Thursday, 24 February 2011
PEMERINTAH mengakui Kawasan Pembangunan Ekonomi Terpadu (Kapet) tak mampu membangkitkan minat investor.
Demikian dibeberkan Menteri Keuangan Agus Martowardojo dalam rapat Komisi VI DPR RI kemarin yang mengundang prihatin sekaligus membuka mata kita bahwa program ekonomi untuk membangun wilayah Indonesia yang begitu luas masih unggul di atas kertas.Namun, pengakuan jujur tersebut kita harus hargai sehingga ke depan pemerintah bisa mengambil pelajaran di dalam membuat program ekonomi yang lebih realistis. Dalam periode 2005 hingga 2010,Badan Koordinasi Penanaman Modal (BKPM) hanya membukukan realisasi investasi dari 14 Kapet yang ada sebesar Rp27,5 triliun atau 3,41% dari total realisasi investasi nasional Rp809 triliun pada periode yang sama. Melihat angka realisasi investasi tersebut memang sangat disayangkan sebab pemerintah sudah mengeluarkan berbagai pemanis,tetapi nyatanya masih dilihat sebelah mata oleh investor.
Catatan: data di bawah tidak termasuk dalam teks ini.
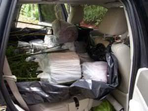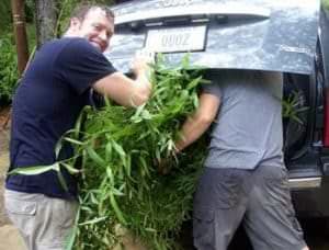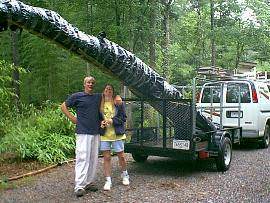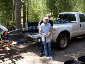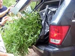 Appointments are made Monday through Friday, 9 am to 4 pm to select and pick up bamboo. On average each visit to our bamboo farm will last from 2 to 3 hours and is concluded with us preparing your bamboo for your trip home. We will make sure that your bamboo is properly loaded and protected for your ride home. We will load all your bamboo and protect it from wind for the journey home. We wrap larger orders in plastic to prevent wind damage. Smaller containers can just ride within the vehicle if there is room. Below you can see some large three gallon size plants being loaded. If you pick-up three gallon size plants you can usually get larger ones that cannot be shipped in the mail. Some of our packing methods occasionally entail employees getting closed insides doors.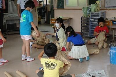 2・3年生は、図画工作科の学習で「くしゃくしゃギュッ」とした作品を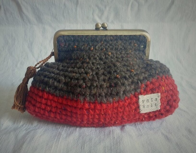 ぷっくり膨れたカタチのほっこりニットがま口。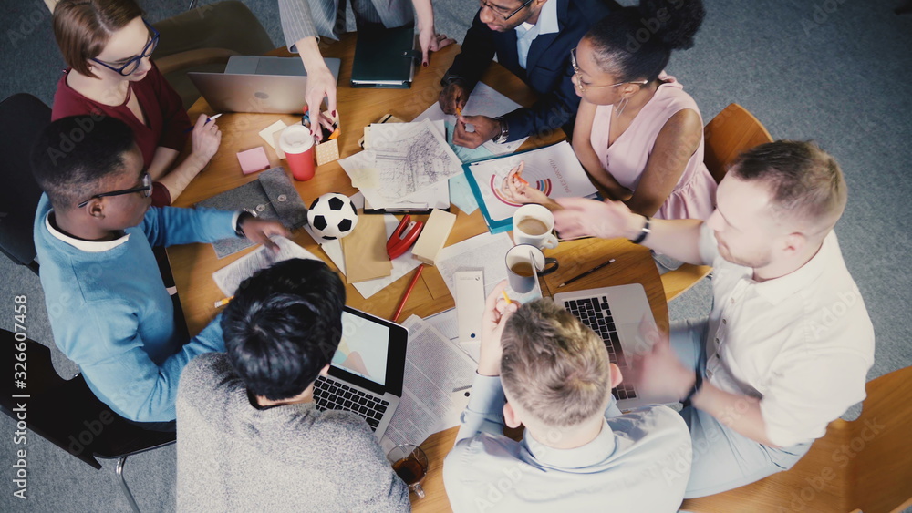 Top view multiethnic creative team brainstorming in trendy modern coworking office. Female boss leads the meeting 4K.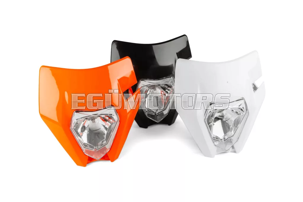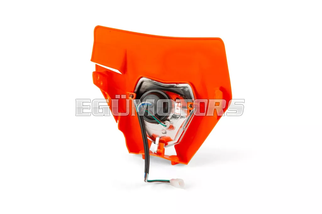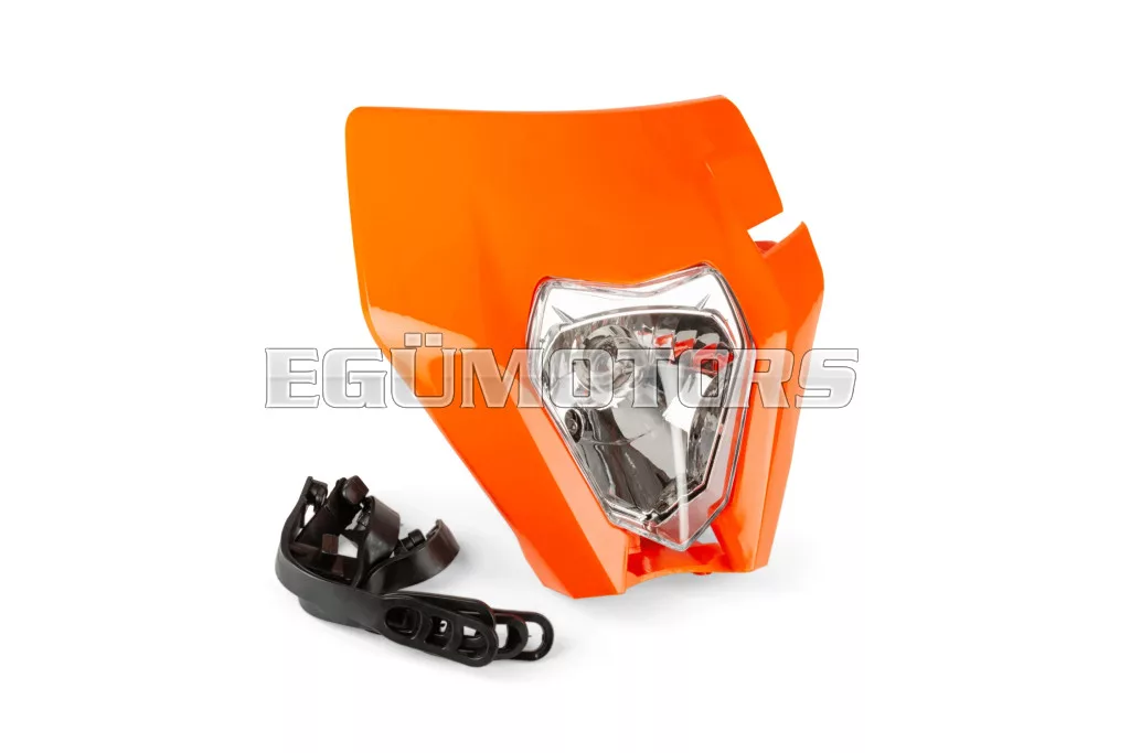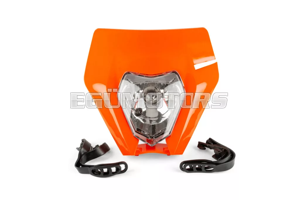 Első fényszóró KTM EXC típus, narancssárga, 2020 utáni modellekhez, felszerelhető 50cc-es motorokra, supermoto és enduro motorokra, illetve egyéb kétkerekű járművekre.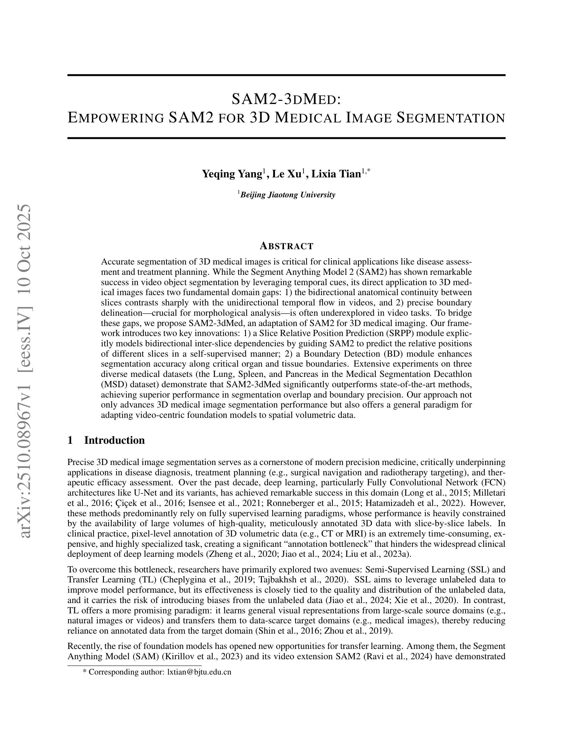 在疾病评估和制定治疗方案等临床应用中,对三维医学图像进行精确分割至关重要。虽然Segment Anything Model 2(SAM2)通过利用时序线索在视频对象分割方面取得了显著的成功,但将其直接应用于三维医学图像面临两个基本的领域差距:一是切片之间的双向解剖连续性与视频中的单向时间流存在明显对比;二是精确的边缘界定对于形态分析至关重要,在视频任务中经常被忽视。为了弥补这些差距,我们提出了SAM2-3dMed,这是一个针对三维医学成像的SAM2的改进框架。我们的框架引入了两个关键的创新点:一是切片相对位置预测(SRPP)模块通过指导SAM2以自我监督的方式预测不同切片的相对位置,显式地建立切片间的双向依赖关系;二是边界检测(BD)模块可提高重要器官和组织边界处的分割精度。在医学分割全能挑战赛(MSD)数据集的三部分数据集(肺部、脾脏和胰腺)上进行的广泛实验表明,SAM2-3dMed在分割重叠和边界精度方面均显著优于最先进的方法。我们的方法不仅提高了三维医学图像分割的性能,还为将视频中心基础模型适应于空间体积数据提供了一个通用的范式。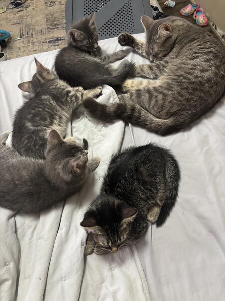 message dstnwl9135 about this ad Born July 6th 2025. The three gray ones are female and the black tabby is male. Very playful, around kids and dogs so theyre pretty used to them; kind of iffy of the dogs still. Eating hard food. If you have any questions please feel to reach out or if you want any other pictures(they dont sit still well for them 937-408-2969 |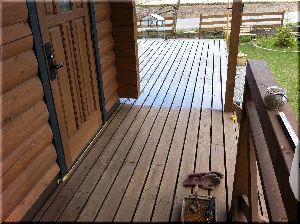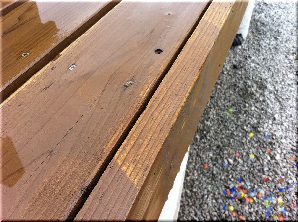デッキの撥水性がまったくありませんので、これじゃぁ、劣化が進むよなぁ...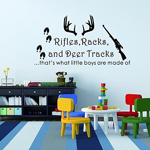 Wall Decal Decor Rifles Racks Deer Tracks That's What Little Boys Are Made Of - Baby Boy Nursery Decor - Hunting Theme Camo Deer Room Crib(Black 12h x22w)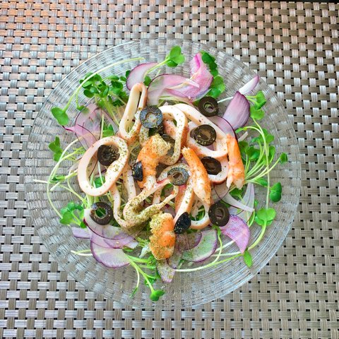 오징어, 남은 새우, 블랙 올리브에 드라이 파세리, 후추로 드레싱 해준다.

Kapet yang ditetapkan melalui Keputusan Presiden Nomor 89 Tahun 1996 terkendala pada persoalan infrastruktur sebagaimana diinginkan investor sehingga segala kemudahan yang diberikan pemerintah seperti fasilitas insentif di bidang perpajakan tidak ada artinya. Hal tersebut diperparah dengan lahirnya berbagai free trade agreement (FTA) yang menawarkan berbagai fasilitas yang jauh lebih kompetitif yang diberikan pemerintah melalui Kapet. Selain itu,Kapet yang berjalan di tempat juga ditengarai terganjal oleh persoalan payung hukum berkaitan dengan pengoperasiannya misalnya posisi gubernur sebagai kepala badan pengelola Kapet yang tidak jelas kewenangannya.Namun,berbagai alasan yang dikemukakan pemerintah tersebut tetap dikritisi oleh para wakil rakyat yang tergabung dalam Komisi VI.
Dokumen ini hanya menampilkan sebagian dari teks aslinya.